The Treaties do not recognise the nationalist logic which the Commission presumes, as the Court has clarified on many occasions.
Those who acquired a ius soli citizenship having never visited their Member State of nationality and thus enjoy zero ‘genuine links’ with it (Zhu and Chen) are granted equal rights to those who have never visited the Member State which issued their passport, having received nationality via ancestry in Latin America (Micheletti): these rights include benefitting from the full protection of EU law, including the express prohibition of any Member State from invoking a ‘genuine links’ argument to prevent these rights from operating. The Commission is mounting an attack on the heart of the fundamental rights provided by EU law.

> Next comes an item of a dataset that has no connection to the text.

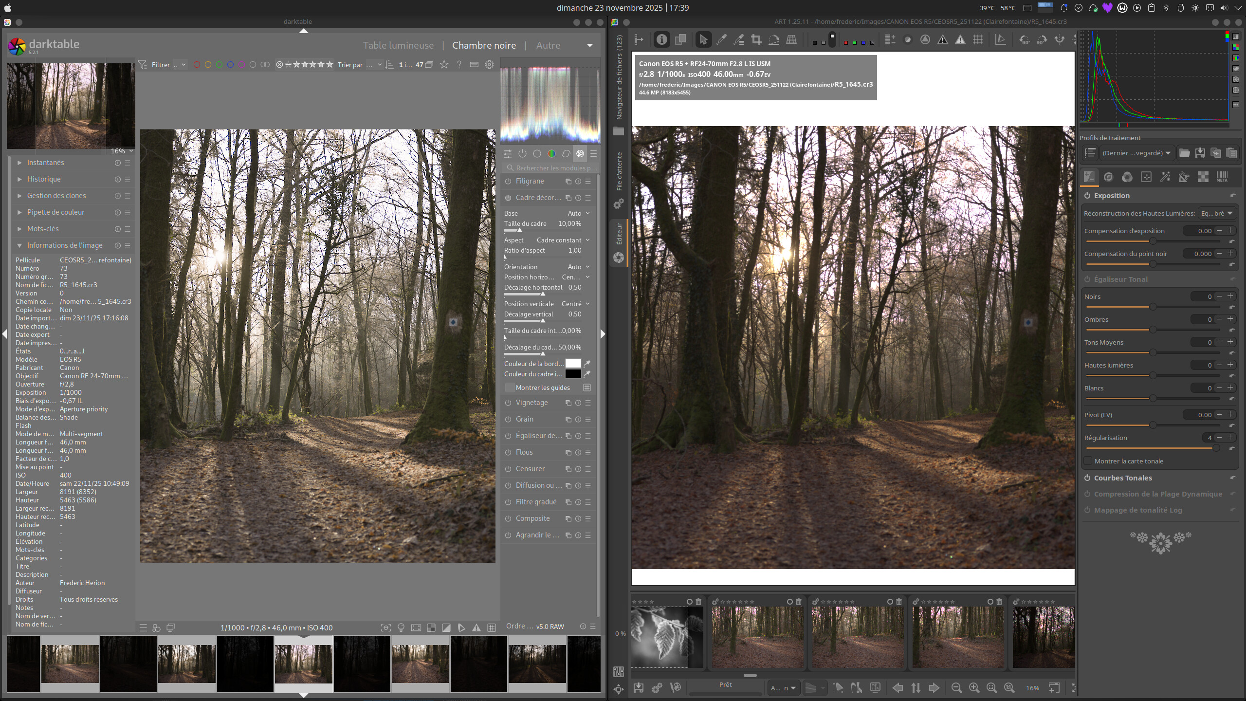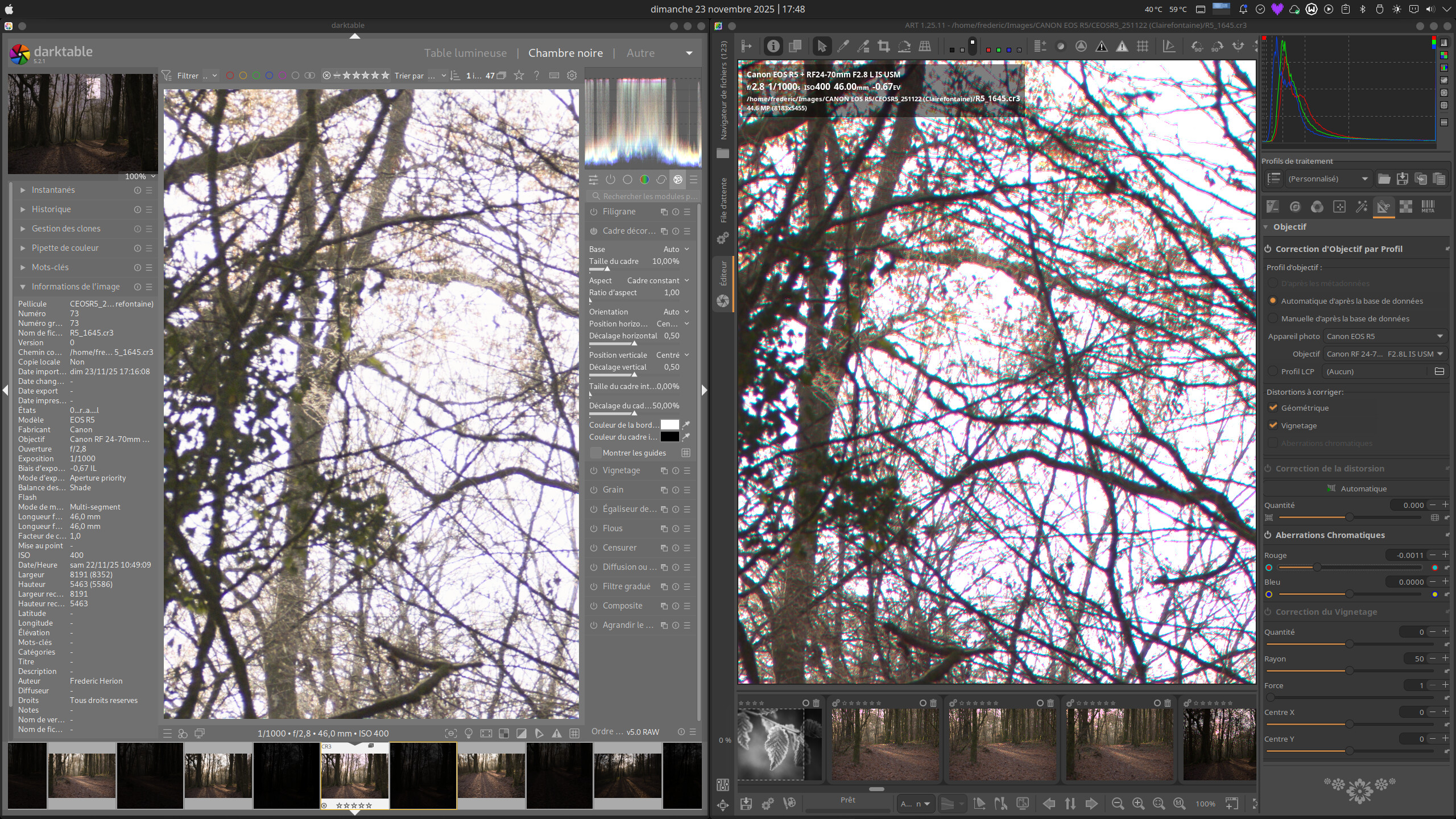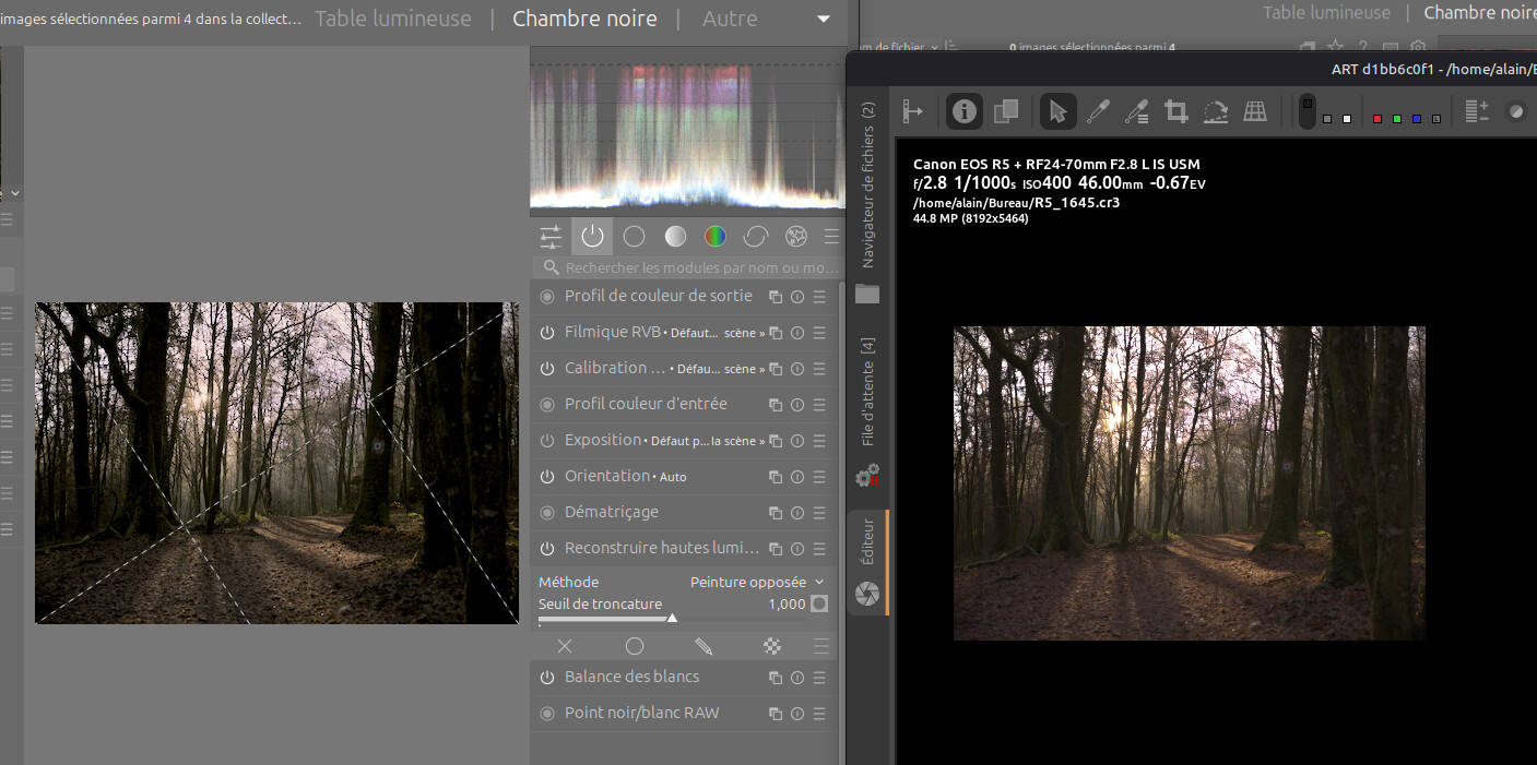 Par curiosité je décide de regarder mas raws dans Darktable (que je n’utilise jamais) et là je retrouve mes images raw auxquelles je suis habitué. Que se passe-t-il ? Je joins une capture d’écran des deux applis, à gauche Darktable et à droite ART. Dans les deux cas je n’ai effectué aucun traitement. On voit en plus dans ART comme une dominante magenta dans les branches à contre-jour. Inexplicable pour moi mais j’imagine qu’il y a une raison. Quelqu’un a-t-il une idée ? Je suis perdu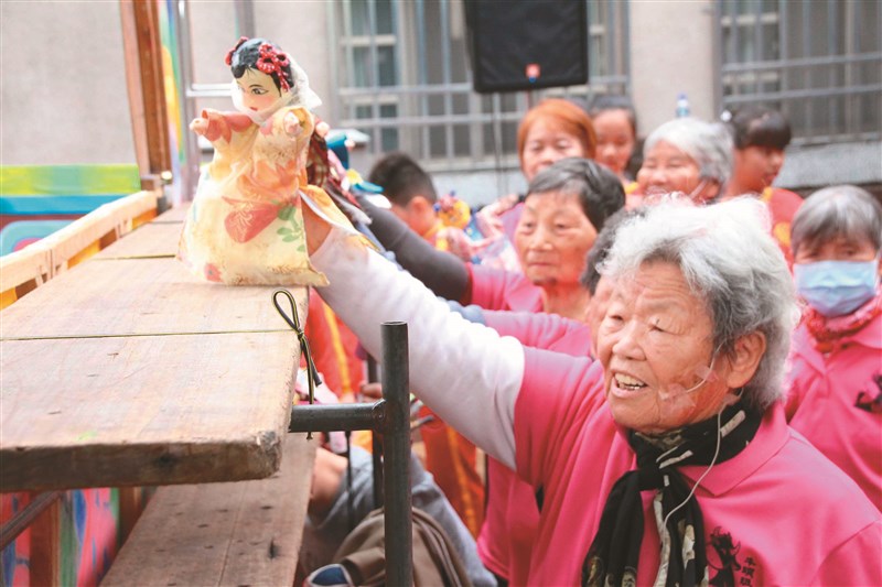 九十歲的許金葉(前),是朴子「仁醫」吳杯初的外甥女,首次演出掌中戲。

The logic of the law explained above is not a frivolity. Allowing a check for ‘genuine links’ would turn the whole idea of non-discrimination on the basis of nationality into a fiction in a split second, it is precisely the reason why the Court in Micheletti prohibited Member States from going down this path. By suggesting the contrary, the Commission is mounting an attack on the heart of the fundamental rights provided by EU law, as well as the essence of the free movement of persons in the internal market. Given that the principle of sincere cooperation applies equally to the Member States and to the EU institutions, bringing Malta before the Court of Justice based on a gross perversion of the law is itself a clear violation of the duty of sincere cooperation by the Commission.
Dangerous abuse of power
The underlying thinking informing this obscurantist unlawful pressure put on Malta is instructive in itself, as the Commission is attempting to set aside the law in order to attack only one mode of Member State nationality acquisition among many: while according to the Commission, paying for citizenship is not ok, ‘ancestral links’ emerge as always genuine according to this reasoning, no matter how remote the ‘ancestor’. In other words, the Commission uses the case of Malta to promote a citizenship ideal rooted in blood: fetishising both sexism (grandmothers usually count for little under this reading) and racism (only those with no ancestral connections have to ‘buy’ citizenship).
In summary, the Commission’s push to frame EU citizenship is in direct opposition with the founding values of the Union, including non-discrimination on the basis of nationality, democracy and the respect of the constitutional identity of the Member States.
This is something that the Court will not be able to uphold from whichever angle it may look at it.